Task to complete:
Below is a set of records, and all of them should be retyped exactly, minus the pictures.

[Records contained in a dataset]
-.-.-
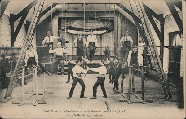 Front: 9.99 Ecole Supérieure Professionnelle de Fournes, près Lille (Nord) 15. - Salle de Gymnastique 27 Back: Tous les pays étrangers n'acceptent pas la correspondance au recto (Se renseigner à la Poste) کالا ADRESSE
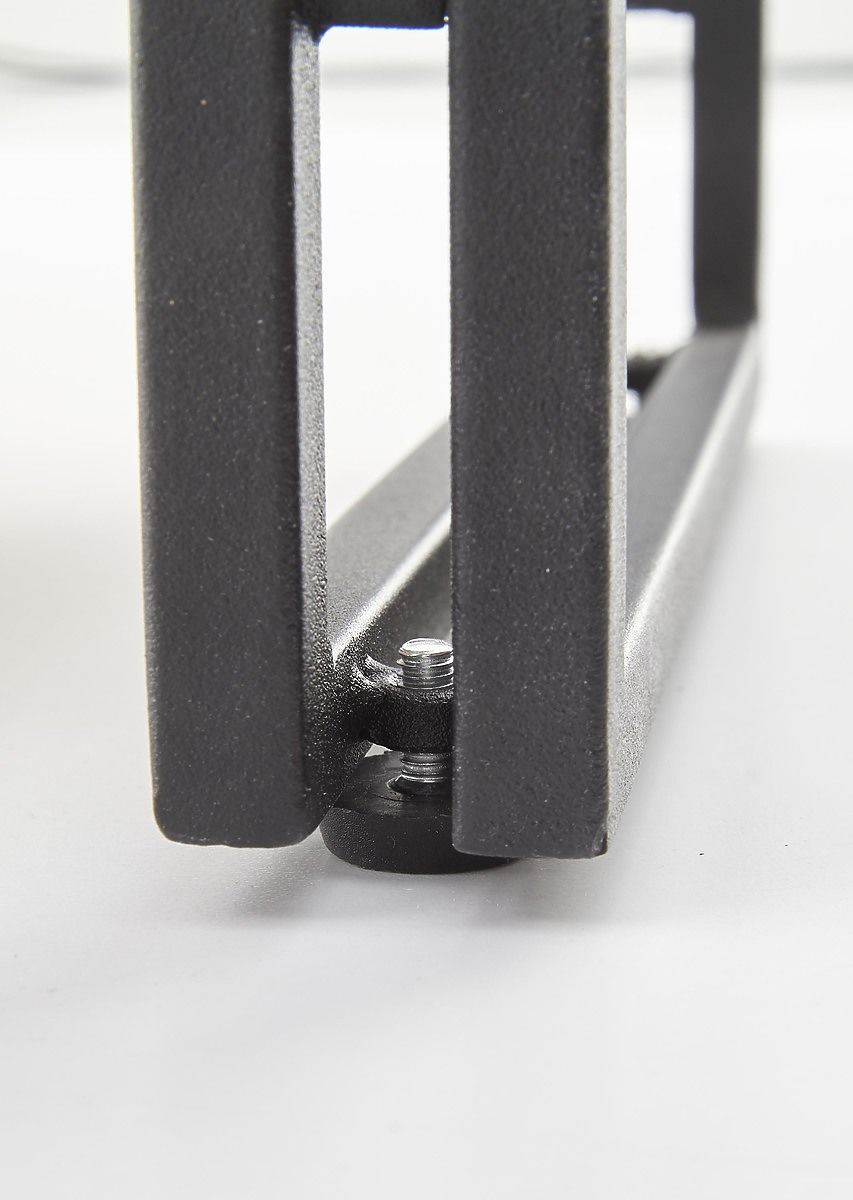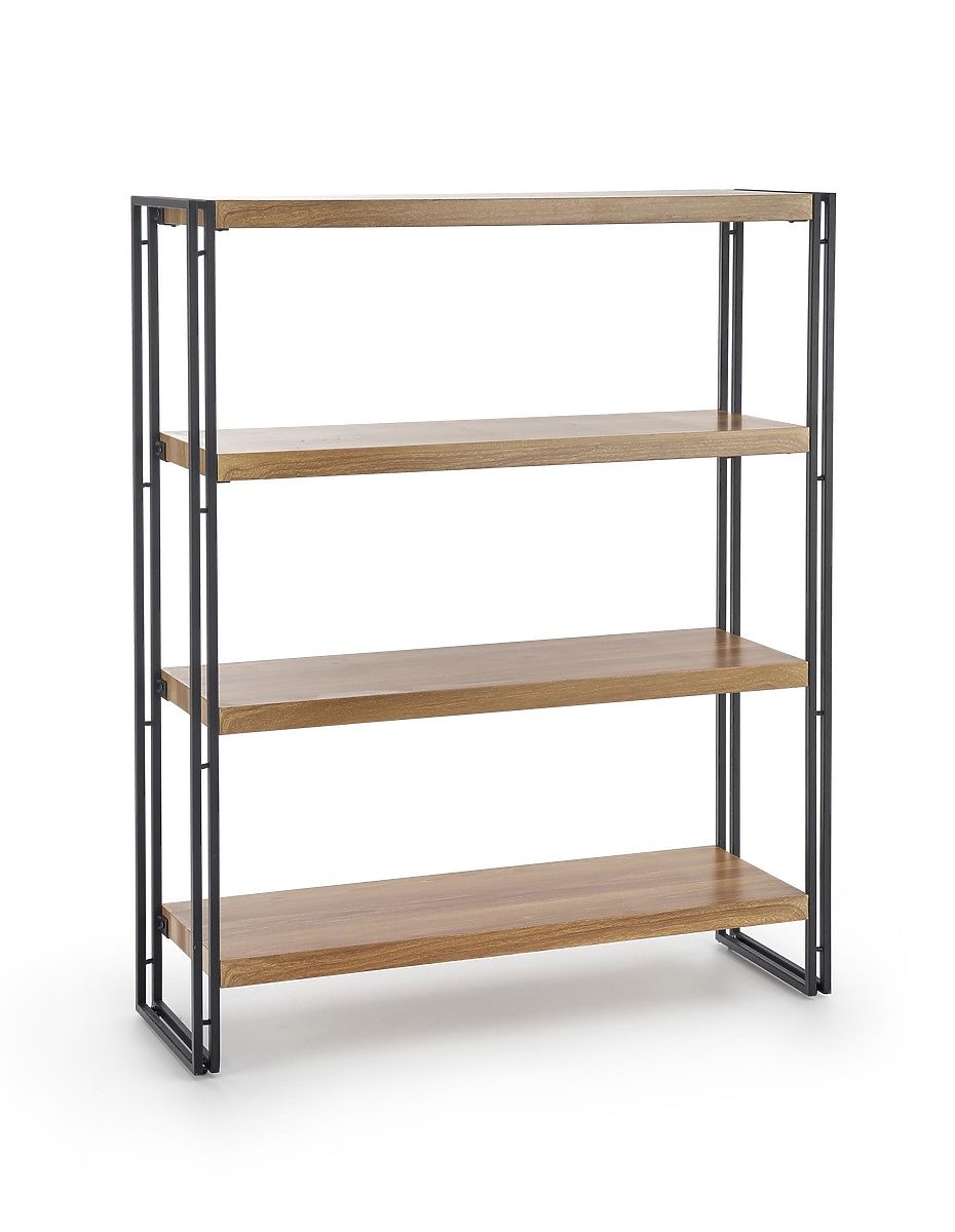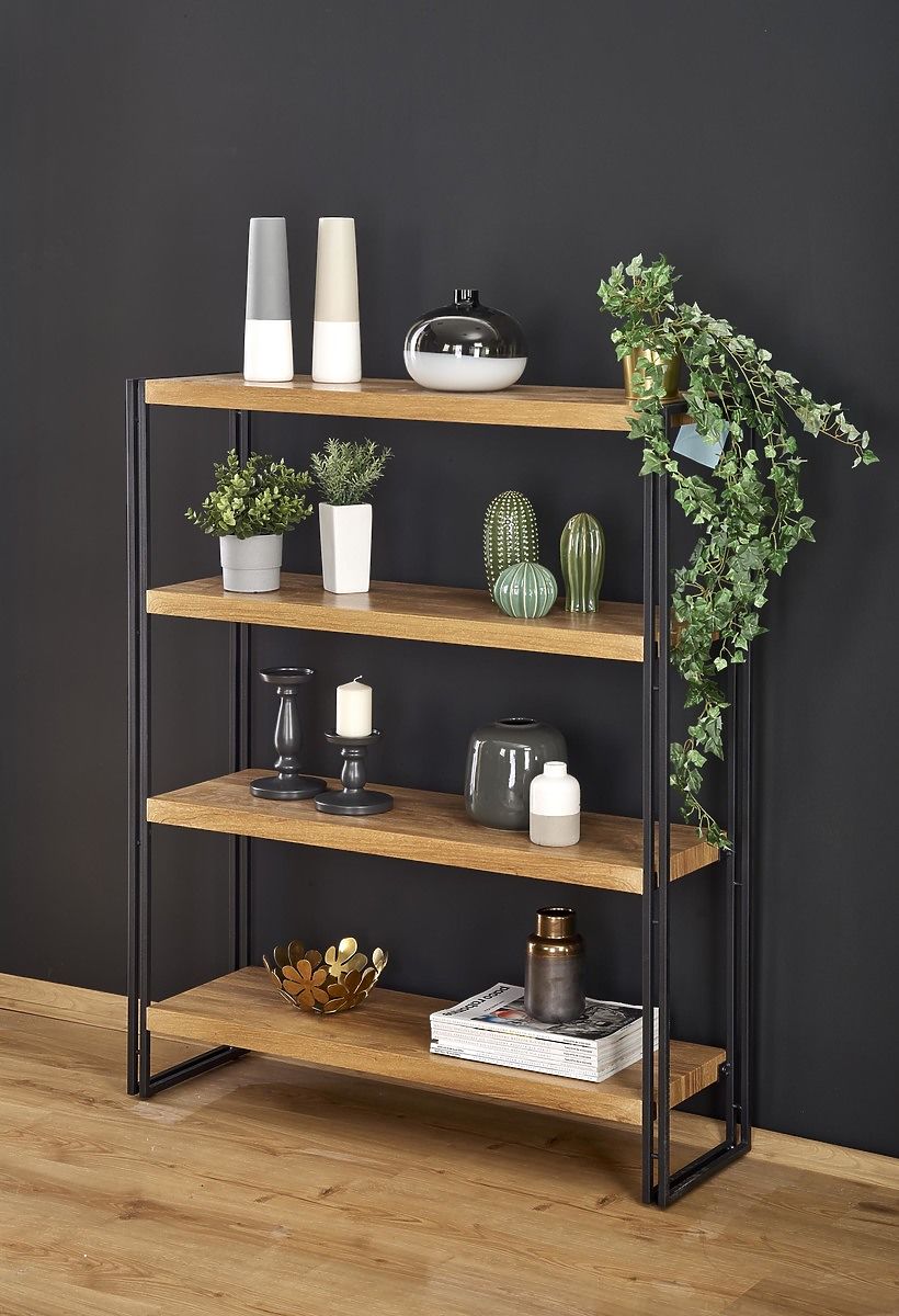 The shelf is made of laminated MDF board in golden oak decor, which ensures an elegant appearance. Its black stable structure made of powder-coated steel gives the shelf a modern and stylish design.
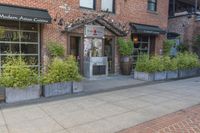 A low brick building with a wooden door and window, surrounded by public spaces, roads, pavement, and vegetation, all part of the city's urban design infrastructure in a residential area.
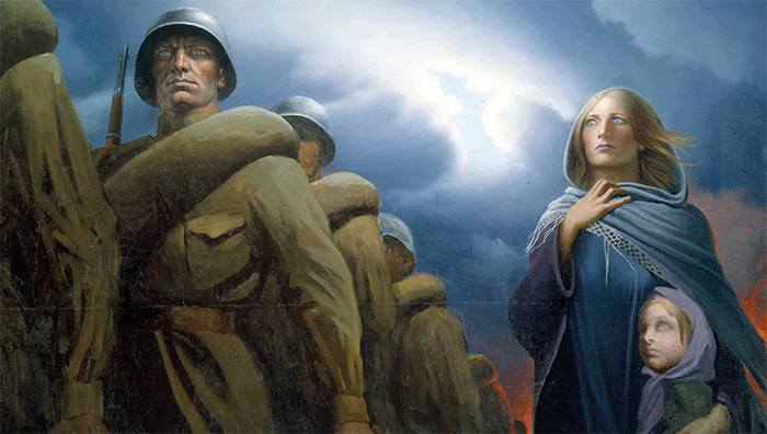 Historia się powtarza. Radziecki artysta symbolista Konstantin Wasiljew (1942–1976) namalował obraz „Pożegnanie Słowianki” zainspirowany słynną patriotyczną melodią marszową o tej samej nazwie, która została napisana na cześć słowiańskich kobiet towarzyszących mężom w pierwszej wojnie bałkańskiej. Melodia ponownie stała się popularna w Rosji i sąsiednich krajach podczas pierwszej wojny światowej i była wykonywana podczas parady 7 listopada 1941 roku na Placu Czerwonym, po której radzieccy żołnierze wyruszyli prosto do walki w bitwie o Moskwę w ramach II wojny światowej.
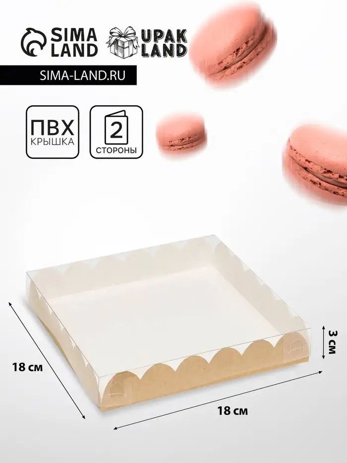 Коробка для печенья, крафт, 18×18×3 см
-.-.-
Finished task:
 Front: 9.99 Ecole Supérieure Professionnelle de Fournes, près Lille (Nord) 15. - Salle de Gymnastique 27 Back: Tous les pays étrangers n'acceptent pas la correspondance au recto (Se renseigner à la Poste) کالا ADRESSE
 The shelf is made of laminated MDF board in golden oak decor, which ensures an elegant appearance. Its black stable structure made of powder-coated steel gives the shelf a modern and stylish design.
 A low brick building with a wooden door and window, surrounded by public spaces, roads, pavement, and vegetation, all part of the city's urban design infrastructure in a residential area.
 Historia się powtarza. Radziecki artysta symbolista Konstantin Wasiljew (1942–1976) namalował obraz „Pożegnanie Słowianki” zainspirowany słynną patriotyczną melodią marszową o tej samej nazwie, która została napisana na cześć słowiańskich kobiet towarzyszących mężom w pierwszej wojnie bałkańskiej. Melodia ponownie stała się popularna w Rosji i sąsiednich krajach podczas pierwszej wojny światowej i była wykonywana podczas parady 7 listopada 1941 roku na Placu Czerwonym, po której radzieccy żołnierze wyruszyli prosto do walki w bitwie o Moskwę w ramach II wojny światowej.
 Коробка для печенья, крафт, 18×18×3 см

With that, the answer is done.